“Hullo,” she said. “I thought you'd deserted me. What did he want?”
“One or two particulars. I'm Arnold's executor, you know. Come along and I'll give you some lunch.” Miss Vereker was hungry, and not even the intelligence that she might have to be present at the inquest interfered with her appetite. She ate a hearty meal, and by three o'clock was once more at Riverside Cottage, backing her car out of the garage. “Are you coming back to Town, too?” she inquired.
“Yes, as soon as I've found out the date of the inquest. I'll look in to-night to have a word with Kenneth. Mind the rose-bush!”
“I've been driving this car for over a year,” said Antonia, affronted.
“It looks like it,” he agreed, his eyes on a battered mudguard.
Antonia slammed the gear-lever into first, and started with a jerk. Her cousin watched her drive off, narrowly escaping a collision with the gate-post, and then got into his own car again, and drove back to Hanborough.
Rather more than an hour later Antonia let herself into the studio that she shared with her brother, and found him in an overall, a cup of tea in one hand and a novel in the other.
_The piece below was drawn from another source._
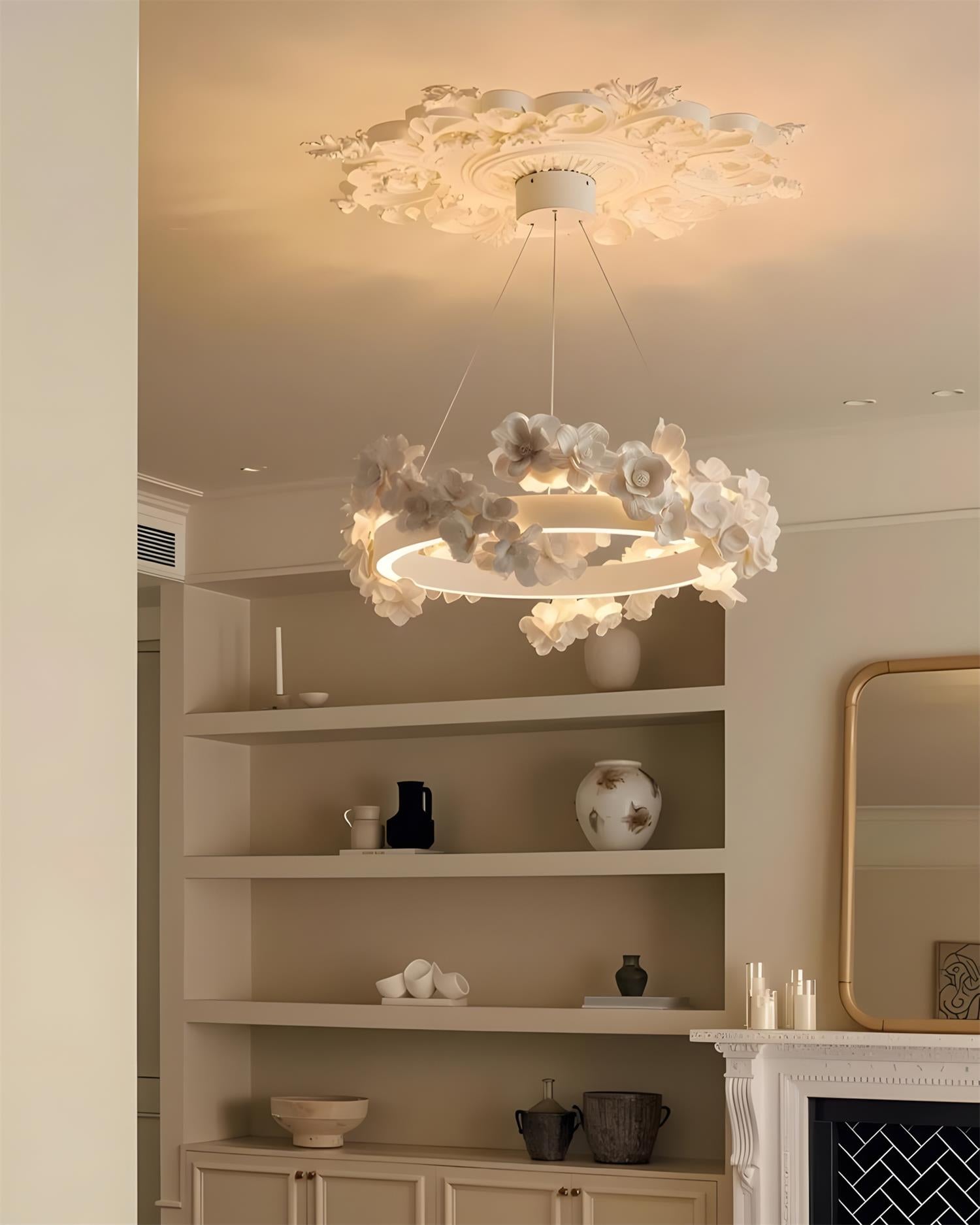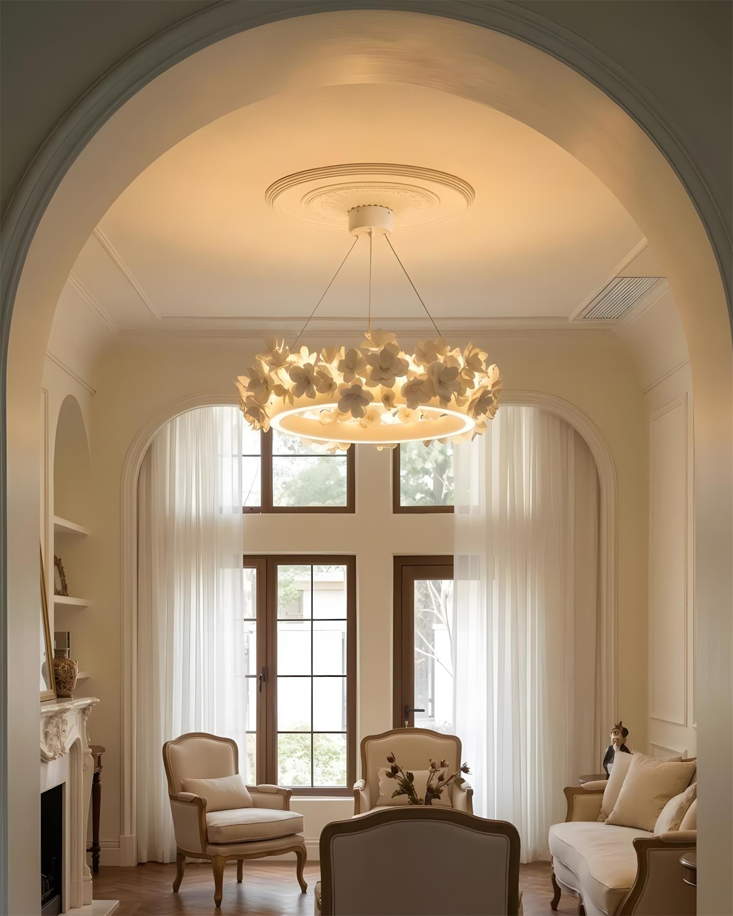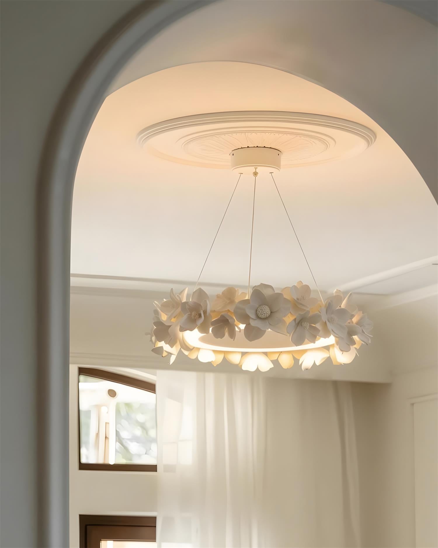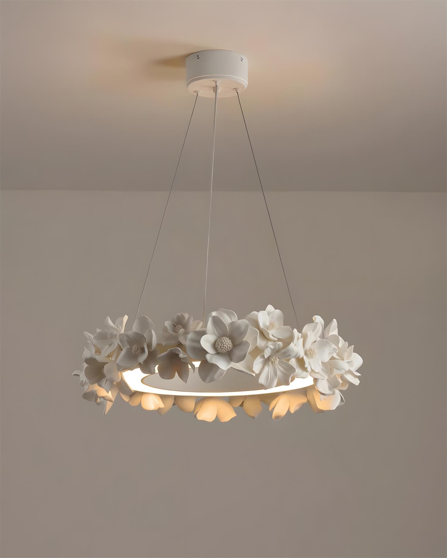 The Gardenia Loop Chandelier is an exquisite fusion of nature and modern design, where delicate, handcrafted floral petals encircle a glowing ring of light. Inspired by the timeless beauty of gardenias, each petal is meticulously sculpted, creating a soft, organic aesthetic. The warm, ambient glow emanates from the ring, softly illuminating the room while accentuating the elegance of the flowers. Suspended gracefully from thin wires, the chandelier offers a light and airy feel, making it a stunning focal point in any contemporary space.

He was a handsome young man, with untidy dark hair and his sister's brilliant eyes. He raised them from his book as she came in, said, “Hullo!” in a disinterested voice and went on reading.
Antonia pulled off her hat and threw it vaguely in the direction of a chair. It fell on the floor, but beyond saying damn she did no more about it. “Stop reading: I've got some news,” she announced.
“Shut up,” replied her brother. “I'm all thrilled with this murder story. Shan't be long. Have some tea or something.”
Antonia, respecting this mood of absorption, sat down and poured herself out some tea in the slop-basin. Kenneth Vereker finished reading the last chapter of his novel, and threw it aside. “Lousy,” he remarked. “By the way, Murgatroyd has been yapping at me all day to know where you've been. Did you happen to tell me? Damned if I could remember. Where have you been?”